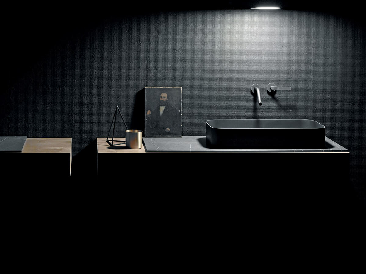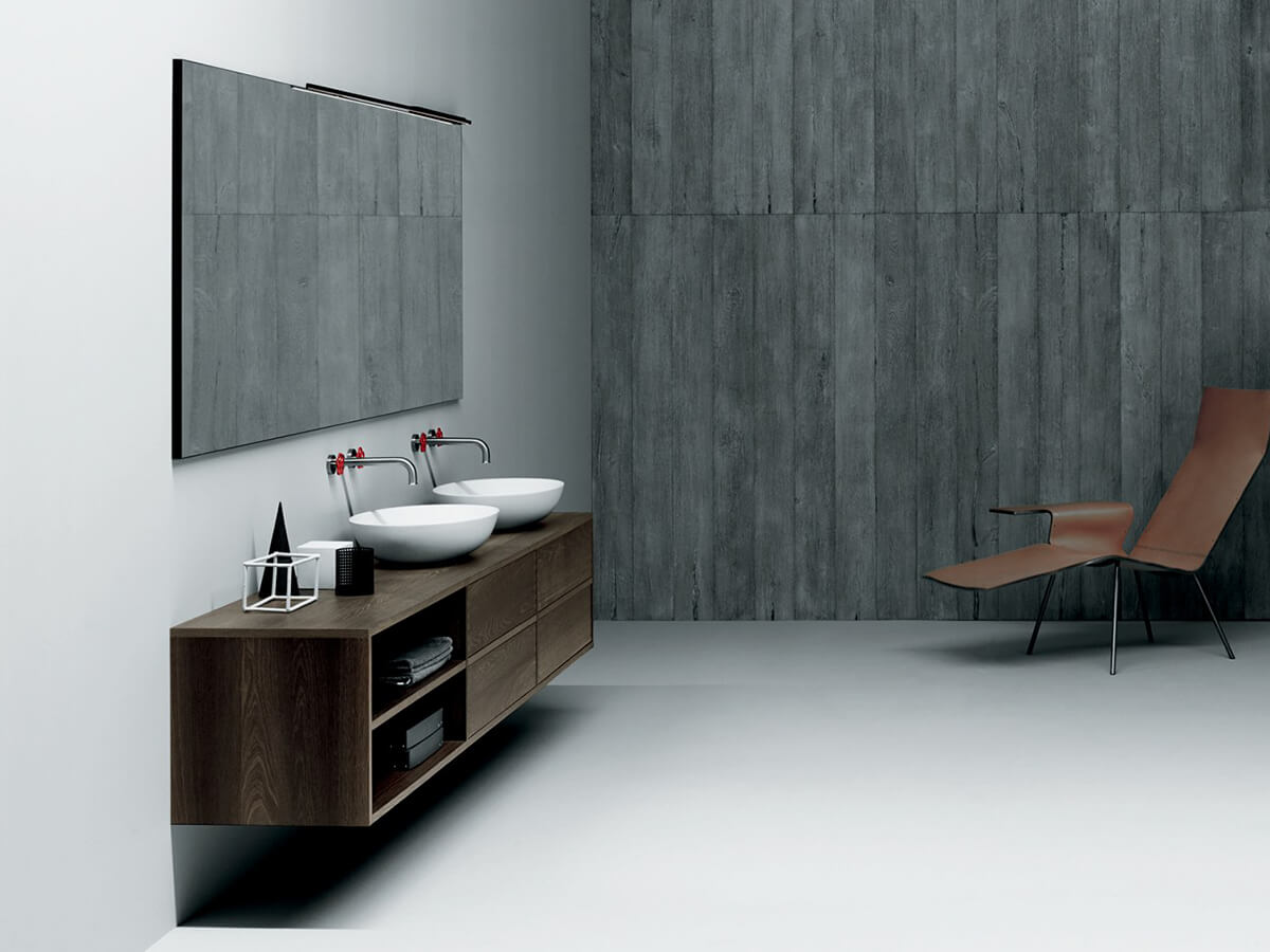 Nel bagno Wood In di Boffi un materiale tradizionale e nobile come il legno riprende vita e viene posto al centro della scena come protagonista assoluto di una serie di basi monoblocco sospese. Wood In è opera di pregevole artigianalità, enfatizzata dal dettaglio degli incastri a pettine delle assi che compongono o cassetti, tocco retrò dalle forti valenze estetiche. È possibile scegliere fra 3 legni ricercati e antichi: il rovere con nodi, il noce canaletto di provenienza americana e il raro legno fossil Oak. Wood In è disponibile inoltre in una versione semplificata in finitura Lasermat o in legno impiallacciato, rinunciando però al fascino degli incastri a pettine. Le composizioni realizzabili con la serie Wood In sono attrezzate sia con cassetti che con vani a giorno e sono completate dall’aggiunta di un lavabo soprapiano.
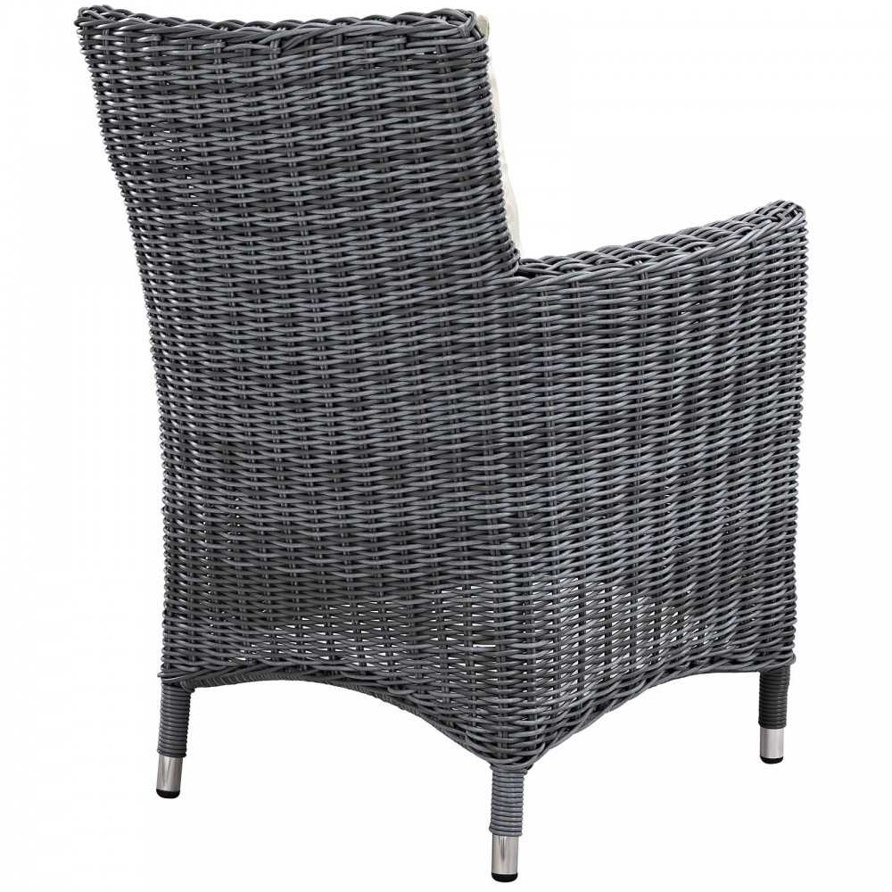 Experience the outdoors with exceptional comfort and quality. Summon Outdoor Patio Dining Table Set offers an exquisite two-tone synthetic rattan weave, plush all-weather cushions with industry-leading Sunbrella fabric, UV protection, and a sturdy powder-coated aluminum frame. Featuring rounded arms and an elegant modern look, Summon Outdoor Dining Furniture set is part of an avant-garde outdoor sectional series well-equipped for enhancing patio, backyard, or poolside gatherings. This installment of the series is an Outdoor Patio Dining Table Set with Umbrella.
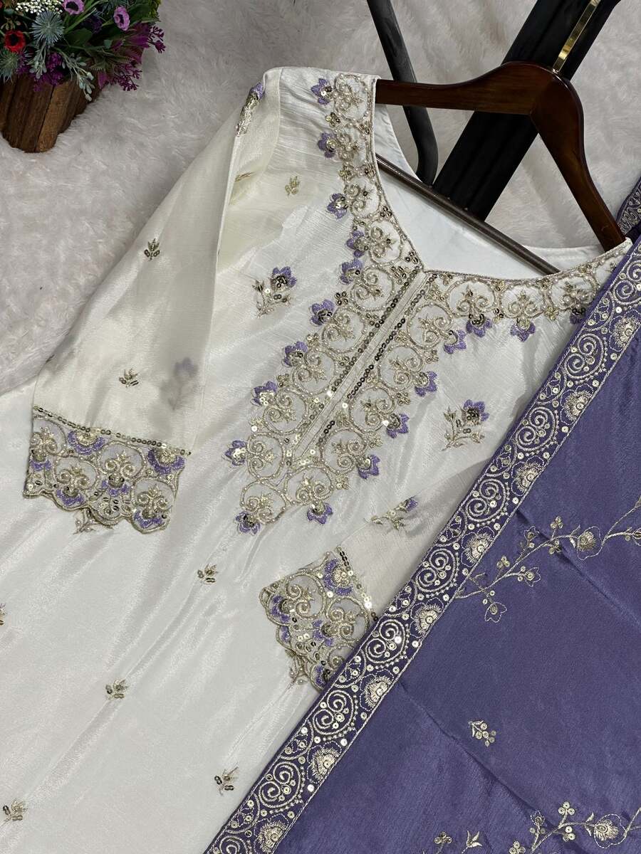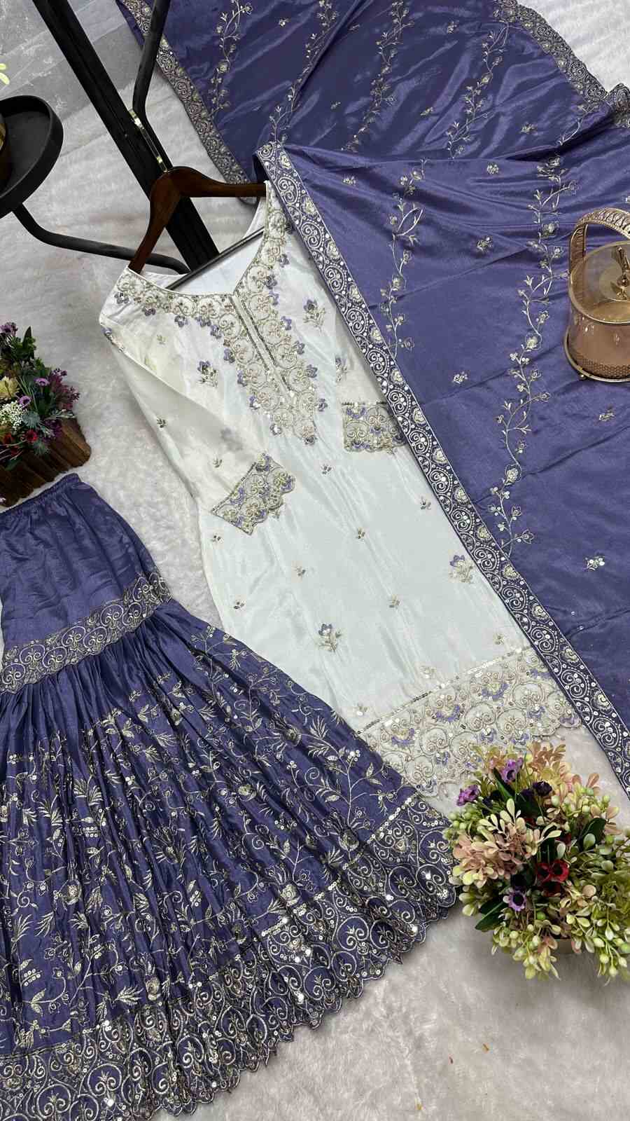 DESIGNER CHINON SILK EMBROIDERY AND SEQUENCE WITH STONE HAND WORK TOP SHARARA WITH DUPATTA LAVENDER
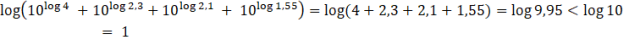 Skorzystaj z tablic logarytmów dziesiętnych wartości poszczególnych logarytmów i pokazać, że wyrażeni jest mniejsze od 1.

→ **Work task**: With pictures left out, extract the lines from the one containing "Experience the outdoors" to the end of the material above, both included, exactly as written.

→ **Solution to the exercise**:
 Experience the outdoors with exceptional comfort and quality. Summon Outdoor Patio Dining Table Set offers an exquisite two-tone synthetic rattan weave, plush all-weather cushions with industry-leading Sunbrella fabric, UV protection, and a sturdy powder-coated aluminum frame. Featuring rounded arms and an elegant modern look, Summon Outdoor Dining Furniture set is part of an avant-garde outdoor sectional series well-equipped for enhancing patio, backyard, or poolside gatherings. This installment of the series is an Outdoor Patio Dining Table Set with Umbrella.
 DESIGNER CHINON SILK EMBROIDERY AND SEQUENCE WITH STONE HAND WORK TOP SHARARA WITH DUPATTA LAVENDER
 Skorzystaj z tablic logarytmów dziesiętnych wartości poszczególnych logarytmów i pokazać, że wyrażeni jest mniejsze od 1.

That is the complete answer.